「島村さん。一週間ほど経ったがこの店にやってきた怪しい男はいたか?」

 監視の話か。これは毎日聞かれている。職務に忠実なことで。うーんと頭を巡らせるけれど、怪しい人は見かけなかったし、声もかけられなかったと思う。

 「えっと……いなかったと思いますけど」
 「そうか。もし何か気づいたことがあればすぐに教えてくれ」
 「わかりました」

 こくりと頷くと、本多さんがふっと小さく笑みを零した。とたんにひゃあっ、と黄色い悲鳴が上がる。お客さんたちはよく見ているなぁと思わず苦笑いをしていると、目の前の精悍な顔の眉間の皺が増えて、口角は不機嫌そうに下がっている。
 あれ? もしかして……。

 「お巡りさん、こんにちは! 今日も来てたんだ!」

 カフェーには似つかわしくない幼い声が天井に跳ね返る。振り返ればこちらに向かって、小さな体が元気いっぱいに駆け寄ってきた。

 「あ、こら。実!」

 テーブルに手をついた実は本多さんの顔を覗き込むように見上げている。出てきてはいけないって言っているのに。

 「こんにちは、実。今日もお母さんを守っているか?」
 「もちろんだよ!」
 「いつも頼むよ。小さなお巡りさん」
 「まかせて!」

 ふんすと鼻息荒くして答え、瞳をキラキラと輝かせる。うちの子、かわいいっ。ついつい頬が緩んでしまう。

 「ねえ、お巡りさん。ぼく、お巡りさんのお話を聞きたい。本物のお巡りさんになるためにはどうしたらいいの?」

 こてんと小首を傾げた実は庇護欲をくすぐるほどかわいい。でも、これはおねだりが上手くいくと思って強かにしている行動だ。私は見逃しませんよ。

 「実、お巡りさんは忙しいのよ。すみません、ご迷惑をおかけして」
 「迷惑じゃないさ。休憩も兼ねているし、まだ時間もあるから」
 「え、ホント!?」

 実の声に被さって、え、ホント!? と小さな呟きが方々から聞こえてきたのは幻聴ではないはずだ。
 おっと、また本多さんの眉間の皺が増えた上、本多さんに時間があるとわかった女性客がそわそわし始めた。これは良くない。誰かが突撃する可能性がある。
 でも、私の推測が当たっていれば本多さんは……。

 「あの、ご迷惑でなければ実に話を聞かせてもらってもいいですか? 実はお巡りさんに憧れているんですよ」
 「そうだったのか。実、俺で良ければ話をしよう」
 「やったー!」
 「ありがとうございます。
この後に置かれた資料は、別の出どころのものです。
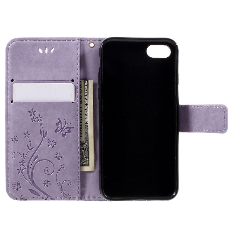 Imprint Butterfly Flower Stand Leather Wallet Cover til iPhone 7 er den perfekte kombination af stil og funktionalitet. Dette cover er designet til at beskytte din iPhone 7, samtidig med at det tilføjer et strejf af elegance med sit smukke sommerfugl- og blomsterdesign. Det er lavet af højkvalitets PU-læder, som sikrer langvarig beskyttelse og holdbarhed.

よかったら、あちらの奥の席に移ってもらってもいいですか? 実がはしゃぎそうですし、女性の視線を気にせず話せると思うので」

 いつも星占いの依頼の時に使う奥の席を指で指し示せば、本多さんがわずかに目を見開いた。

 「君は……気づいたのか」
 「あ、やっぱりそうですか」
 「すまない。助かる」

 小声で言った本多さんの眉間の皺が緩み、表情が和らぐ。推測は当たったみたい。どうやら女性が苦手らしい。

 「実。お巡りさんを案内できる?」
 「できるよ! お巡りさん、こっちだよ」
 「わかったよ。実」
 「すみません。少しだけ実をよろしくお願いします」

 実は本多さんの手を取ってぐいぐいと引っ張る。小さな手に引っ張られた本多さんはホッとした様子で立ち上がった。

 「ああ、そうだ。追加の注文を。珈琲のお代わりと実にシベリアを」
 「わーい、やった! ぼく、甘いもの大好き!」

 わずかに眉尻を下げて本多さんが注文した。お礼のつもりなのかもしれない。真面目だなぁ。申し訳ないから断りたいところだけど、きっと相手は望まないだろう。対して実はよだれが垂れそうなほど口元をゆるゆるにさせながら笑う。欲望に忠実だなぁ。

 「かしこまりました。後でお持ちしますね」

 本多さんが実と去った後、方々から落胆の溜息が聞こえてきたけれど、私は気づかないふりをしてさっさと厨房に注文を伝えに行った。
 この対応が良かったのか。それからというもの、本多さんが実の相手をしてくれるようになった。
 年の差は随分と離れているだろうけど、どうやら気が合うみたい。会った時の二人は楽しそうにしている。時折、文字を書く練習をしているらしく、本多さん曰く、学習意欲の高い実に教えるのが面白いらしい。